SUPPLIED MATERIAL >>
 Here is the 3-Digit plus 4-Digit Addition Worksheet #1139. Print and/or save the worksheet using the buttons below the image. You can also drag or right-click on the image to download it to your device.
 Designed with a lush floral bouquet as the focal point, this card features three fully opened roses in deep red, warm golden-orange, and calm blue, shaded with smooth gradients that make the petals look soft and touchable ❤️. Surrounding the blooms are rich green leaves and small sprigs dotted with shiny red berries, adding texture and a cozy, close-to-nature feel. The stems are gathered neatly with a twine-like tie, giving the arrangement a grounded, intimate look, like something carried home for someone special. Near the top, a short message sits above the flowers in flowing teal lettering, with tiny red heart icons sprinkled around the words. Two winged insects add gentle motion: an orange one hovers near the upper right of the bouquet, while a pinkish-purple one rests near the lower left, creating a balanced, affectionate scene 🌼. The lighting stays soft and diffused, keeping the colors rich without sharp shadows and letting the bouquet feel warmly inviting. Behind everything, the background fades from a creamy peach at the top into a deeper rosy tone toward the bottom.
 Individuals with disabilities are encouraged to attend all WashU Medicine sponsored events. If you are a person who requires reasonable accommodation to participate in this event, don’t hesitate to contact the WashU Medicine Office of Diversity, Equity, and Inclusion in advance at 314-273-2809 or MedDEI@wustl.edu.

* * *

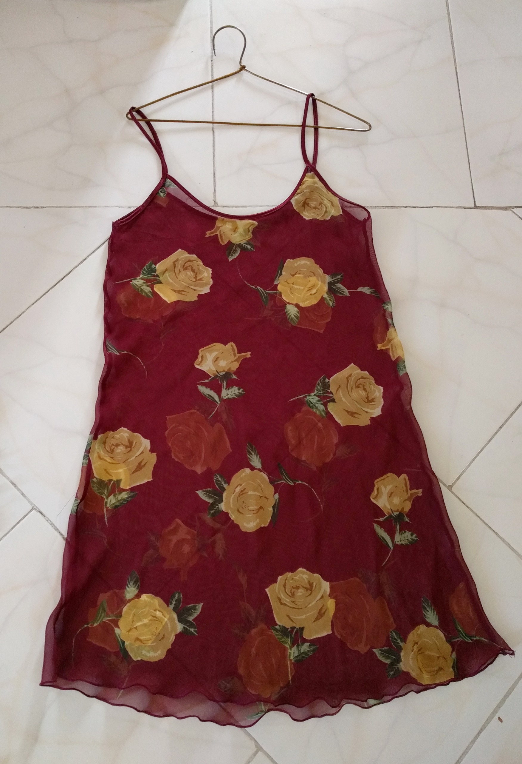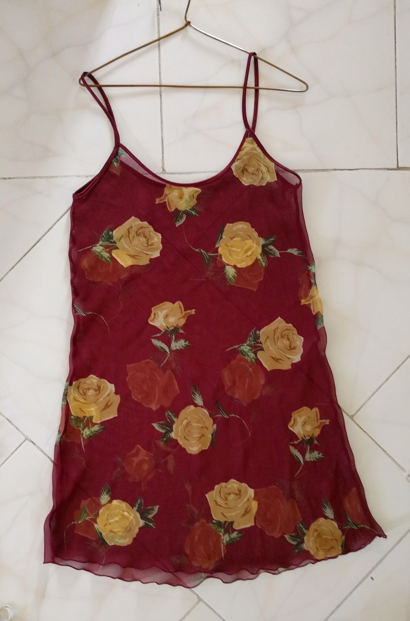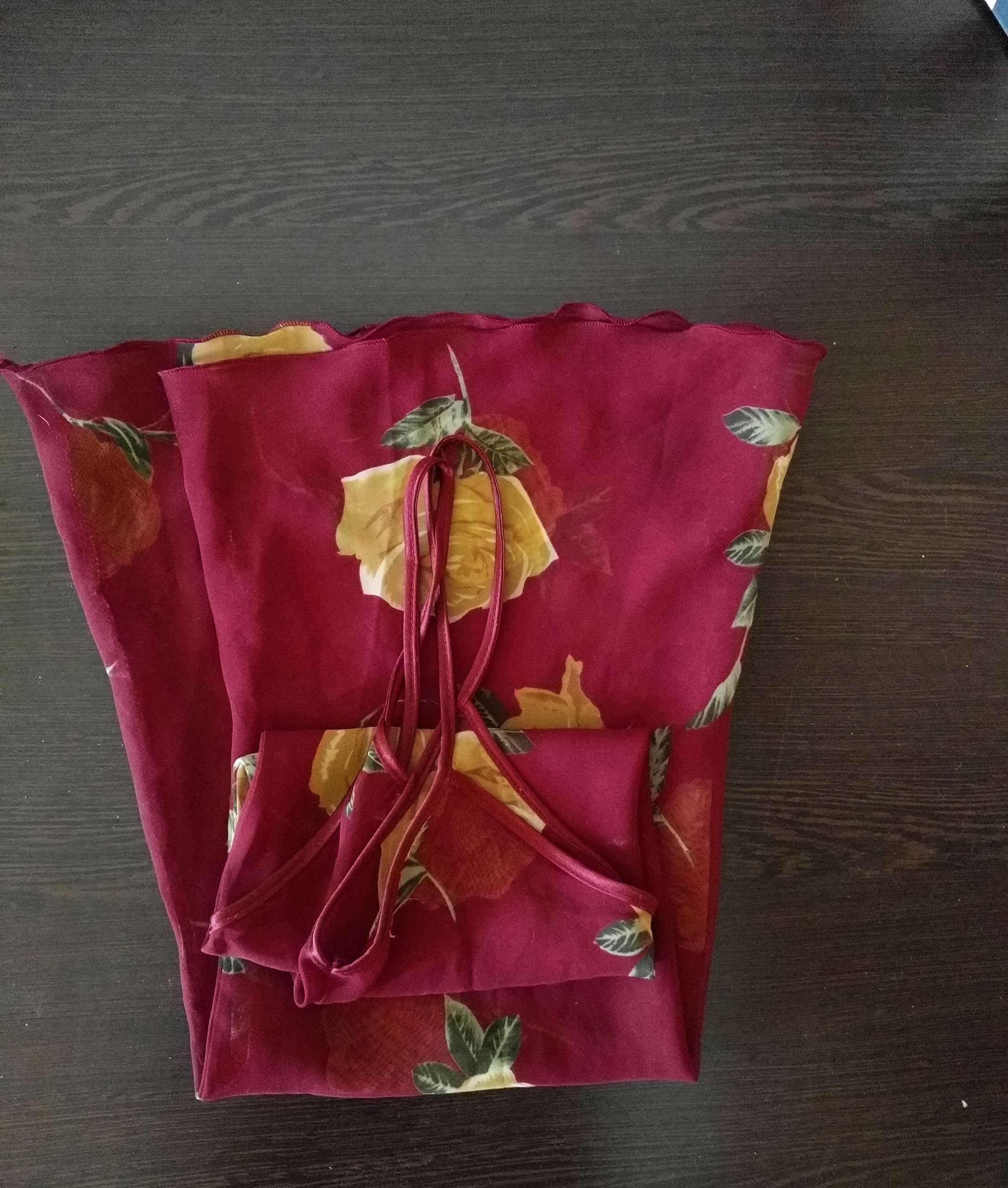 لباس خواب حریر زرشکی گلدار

WHAT THE EXERCISE ASKS >>
For the material above, reproduce exactly the lines from the line with "Designed with a" to the line with "Individuals with disabilities", inclusive, and exclude all others.

ANSWER TO THIS PROBLEM >>
 Designed with a lush floral bouquet as the focal point, this card features three fully opened roses in deep red, warm golden-orange, and calm blue, shaded with smooth gradients that make the petals look soft and touchable ❤️. Surrounding the blooms are rich green leaves and small sprigs dotted with shiny red berries, adding texture and a cozy, close-to-nature feel. The stems are gathered neatly with a twine-like tie, giving the arrangement a grounded, intimate look, like something carried home for someone special. Near the top, a short message sits above the flowers in flowing teal lettering, with tiny red heart icons sprinkled around the words. Two winged insects add gentle motion: an orange one hovers near the upper right of the bouquet, while a pinkish-purple one rests near the lower left, creating a balanced, affectionate scene 🌼. The lighting stays soft and diffused, keeping the colors rich without sharp shadows and letting the bouquet feel warmly inviting. Behind everything, the background fades from a creamy peach at the top into a deeper rosy tone toward the bottom.
 Individuals with disabilities are encouraged to attend all WashU Medicine sponsored events. If you are a person who requires reasonable accommodation to participate in this event, don’t hesitate to contact the WashU Medicine Office of Diversity, Equity, and Inclusion in advance at 314-273-2809 or MedDEI@wustl.edu.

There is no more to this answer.